Gates invests more money in innovative medicine

SEATTLE (AP) - Using microwaves to kill malaria parasites and developing a way to give fetuses immunity to HIV are among the dozen ideas the Bill & Melinda Gates Foundation thinks are worth more research dollars, after giving more than 500 scientists seed money to take an initial look at some far-out concepts.

A dozen scientists or teams of researchers will each get an additional $1 million over five years to take their ideas to the next level and see if they have the potential to save lives, the foundation announced Wednesday.

The foundation initially chose more than 500 scientific ideas out of nearly 20,000 proposals for its Grand Challenges Explorations grants, worth $100,000 each, saying it would be taking a calculated risk by giving money for whatever wacky idea the world's best minds come up with to combat malaria, HIV and other world health problems.

The ideas remain highly speculative into the $1 million stage.

"They run against conventional wisdom," said Chris Wilson, director of the foundation's Global Health Discovery program. "Of course, more often than not, conventional wisdom is right."

As an example, he points to the idea of using microwaves to kill malaria parasites, from within their hosts - mice for the experiment, but humans eventually.

"That's probably not going to work," Wilson said. "But if it did work, it would be pretty stunning."

The scientist, Jose Stoute, a medical researcher who specializes in infectious diseases at Penn State University, might not appreciate that less-then-enthusiastic endorsement, but Wilson says the same thing about nearly all these grants.

"Science is a place where lots of things don't work," he said, adding that the foundation remains optimistic about these grants. "I think we're cautiously optimistic that somewhere along this path, some of these might happen," he said.

To graduate to a million dollar grant, the scientists have to prove their initial idea has merit as a potential way to save lives and that it is practical and potentially scalable and affordable, Wilson said.

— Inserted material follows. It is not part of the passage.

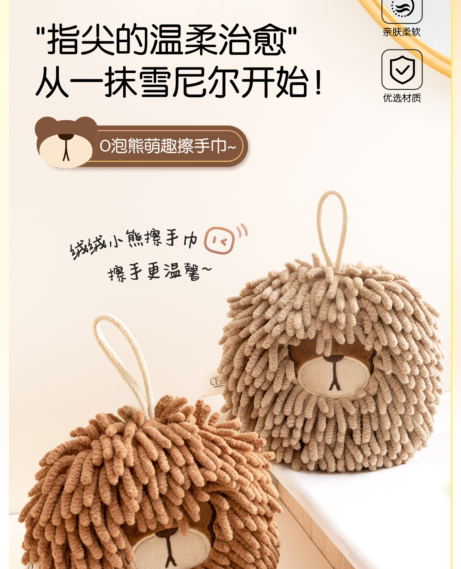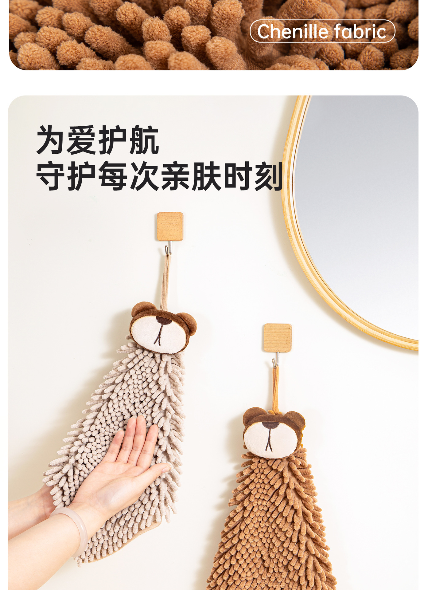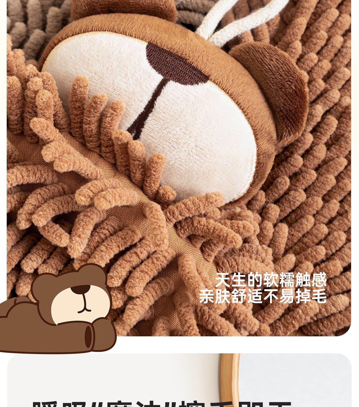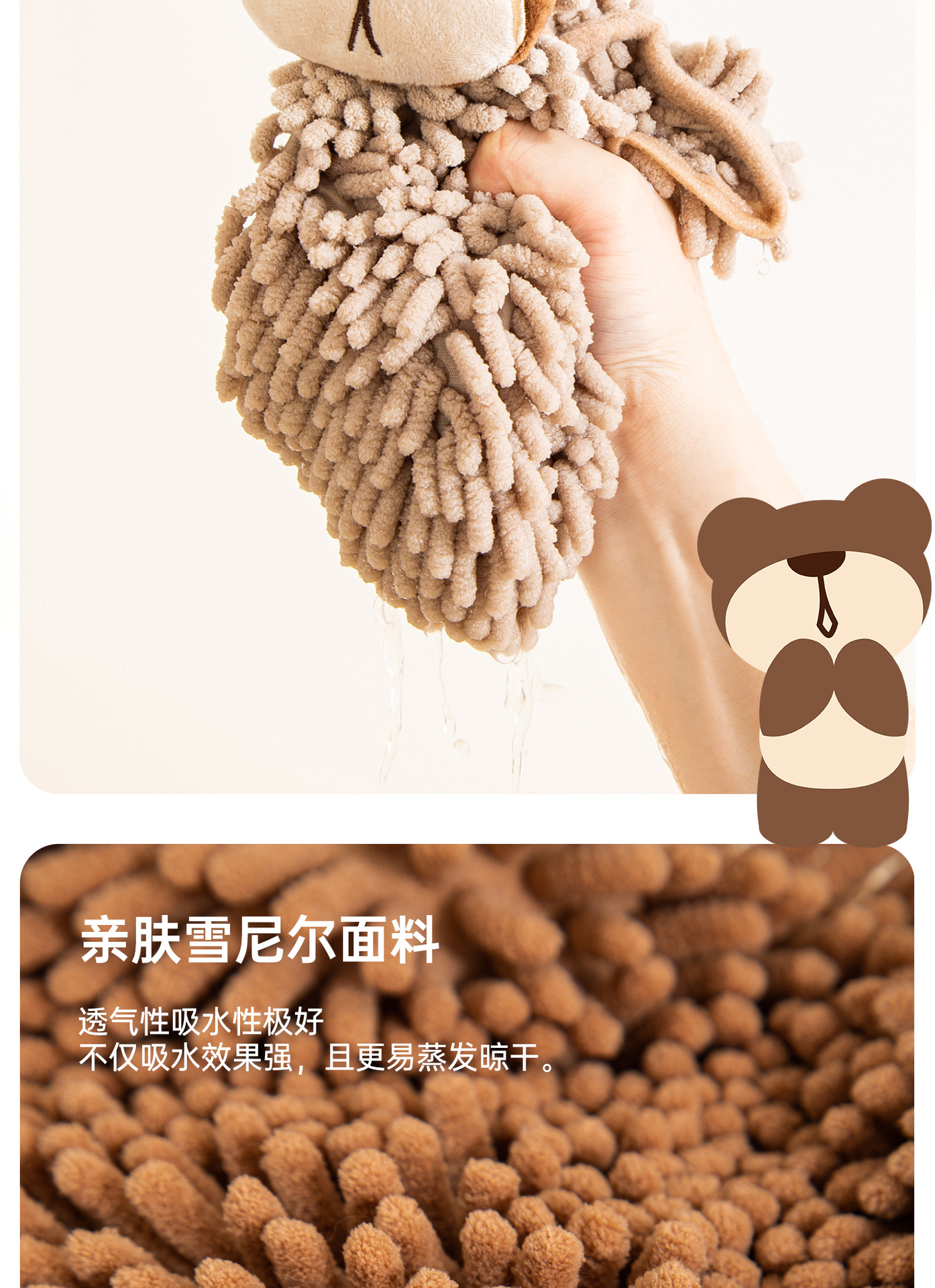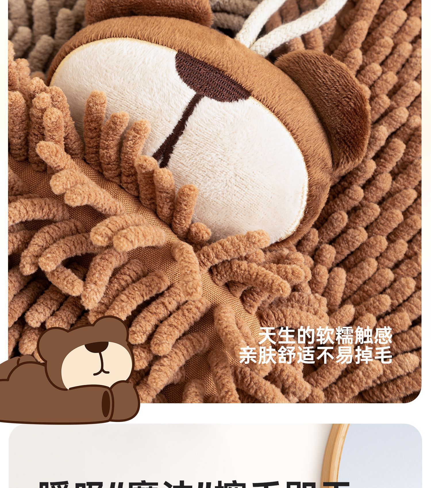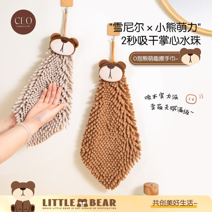 O泡熊雪尼爾擦手巾掛式吸水擦手球加厚速乾廚房衛生間洗手抹布

Stoute said he and his co-collaborator, Carmenza Spadafora at Panama's Institute of Advanced Scientific Investigations and High Technology Services, got the idea for the project from an innovative cancer treatment involving microwaves that uses iron to tag cancer cells.

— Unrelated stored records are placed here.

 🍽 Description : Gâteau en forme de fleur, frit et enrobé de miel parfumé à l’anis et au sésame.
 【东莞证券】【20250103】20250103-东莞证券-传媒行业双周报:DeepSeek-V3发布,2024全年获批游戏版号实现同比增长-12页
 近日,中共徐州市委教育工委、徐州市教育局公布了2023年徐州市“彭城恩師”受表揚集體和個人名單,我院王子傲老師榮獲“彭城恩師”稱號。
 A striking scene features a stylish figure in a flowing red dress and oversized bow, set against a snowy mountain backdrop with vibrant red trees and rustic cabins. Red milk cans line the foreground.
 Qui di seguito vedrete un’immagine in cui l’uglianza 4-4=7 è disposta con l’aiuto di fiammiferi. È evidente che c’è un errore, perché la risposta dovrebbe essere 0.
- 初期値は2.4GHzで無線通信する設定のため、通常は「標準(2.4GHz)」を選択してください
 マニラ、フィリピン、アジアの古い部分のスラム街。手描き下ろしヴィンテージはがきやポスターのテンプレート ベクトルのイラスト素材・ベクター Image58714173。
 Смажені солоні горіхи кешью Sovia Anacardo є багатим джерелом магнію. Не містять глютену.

Since the malaria parasite naturally collects iron as a byproduct of its actions within the human body, they thought malaria might be another good target for microwave treatment. Stoute is working with microwave engineers to design a machine to deliver the treatment in the lab.

Collaboration among different kinds of scientists is an attribute of many of the Grand Challenges projects.

Mike McCune, professor of medicine at the University of California San Francisco, said working in multidisciplinary teams has helped a number of researchers from his university get a Gates grant.

His project, to fight HIV infection while a fetus is in the uterus, takes a number of known scientific principals and combines them in a new way.

He is working to utilize what scientists already know about the unique and effective immune system of the human fetus, plus the way vaccines work on newborns and the success so far at decreasing the number of HIV transmissions from mother to child in this country.

Considering how much blood passes from mother to baby while an HIV-affected mother is pregnant, McCune says it's nearly miraculous that most of those babies of those mothers are not born HIV-positive. Most are affected later through breastfeeding or via blood at birth. His goal is to strengthen and prolong a child's natural immunity.

For now, McCune is testing his theories on non-human primates, by giving vaccines to mothers who hopefully will pass immunity along to their fetuses.

"This is not science fiction. Everything I've told you has a longstanding history to it," McCune said. "The Gates grant allows me and others to take existing dogmas and paradigms and throw them out the window."

Not all the projects take a high tech approach to fighting disease.

Some scientists are looking at more practical considerations such as the way existing disease fighting solutions are applied, like Teun Bousema, an epidemiologist at the London School of Hygiene and Tropical Medicine and Radboud University Nijmegen Medical Centre in the Netherlands.

Bousema want to work toward eliminating malaria in African villages by targeting all the interventions - from spraying insecticides to installing bed nets and killing mosquito larvae - around the people who get bit the most. He learned with his earlier Gates grant that those people can be identified through blood tests.

Up to this point, most malaria prevention and treatment has focused on the most vulnerable populations, such as children, but Bousema said that approach will never lead to elimination of the disease.

Humans and mosquitoes are both required for malaria to spread, so the approach has to be targeted and thorough.

"Some critics may question whether this is cost-effective," said Bousema, acknowledging that his approach may be costly per person but he theorizes they would only need to target a few households to effectively help a whole village.

His idea could be applied to any new malaria-fighting tool that is developed. If a new vaccine is developed to block malaria transmission, it would likely be impossible to give it to everyone in Africa. If Bousema's idea works, universal vaccination wouldn't be necessary.